Chinese iron ore futures extended losses on March 24 to slump to their lowest in three weeks, as worries about demand prospects fuelled by the coronavirus pandemic eclipsed rising chances of supply reductions.
The most-traded May iron ore contract on the Dalian Commodity Exchange fell 3.1% to 619 yuan/t ($87.43/t) in morning trade, marking its lowest since March 2. Futures prices on the Singapore Exchange, however, rebounded 3.7%.
Spot prices for the steelmaking raw material dropped to six-week lows on March 23 amid the heavy sell-off in futures markets, with the benchmark 62% grade settling at $84.50 a tonne, the lowest since February 10.
China's iron ore and steel futures on March 24 defied a recovery of industrial metals and equities, which rebounded following the scaling up of monetary and fiscal policy support for economies hammered by the pandemic.

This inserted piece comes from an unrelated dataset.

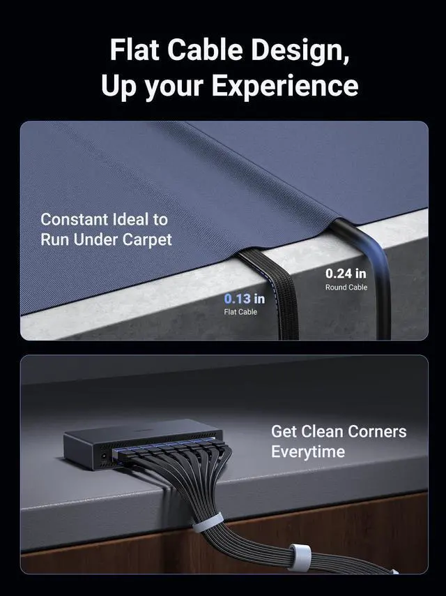 Flexible Flat Design: UGREEN Cat 8 Flat Ethernet cable adopts a unique flat and thin design, which allows for a cleaner and safer installation. Whether you want to install it under the door, through the window, or hidden under the carpet, it can be done very easily. It's very suitable for indoor wiring.

"Investors are reassessing the effectiveness of the stimulus plans," commodity strategists at ANZ said in a note.
However, they said Brazilian miner Vale SA's move to suspend operations at its distribution facility in Malaysia "could potentially take some downward pressure off iron ore prices".

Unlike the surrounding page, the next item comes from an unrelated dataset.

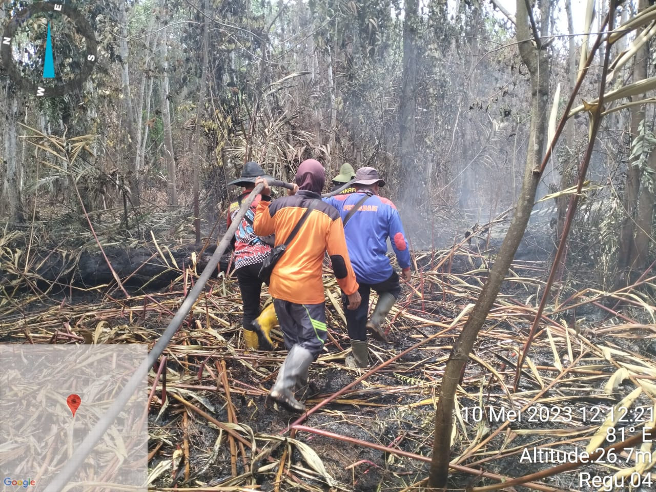 Bengkalis, Telah terjadi kebakaran lahan dan hutan (Karlahut) (10/04/23) pukul 8:30 Wib di jalan Tugu Rejo, Rt11/Rw 04, Desa Teluk lecah, Kecamatan Rupat. Penyebab kebakaran belum diketahui pasti namun luas wilayah hutan dan lahan yang terdampak diperkirakan sekitar -+ 7 Ha. Tim yang turun dalam kejadian tersebut Regu 04 Damkar Kecamatan Rupat, BPBD rupat, Danramil rupat, Polsek rupat, MPA dan Masyarakat.

Vale, one of China's major iron ore suppliers, said on Monday it would halt operations at its Teluk Rubiah distribution terminal in Malaysia, which is expected to reduce sales in the first quarter by roughly 500,000 tonnes of iron ore.
The operations were scheduled to be suspended from March 24 through March 31 to ensure safety of Vale's workers amid the pandemic, but the miner said the move would not affect full-year 2020 production and sales.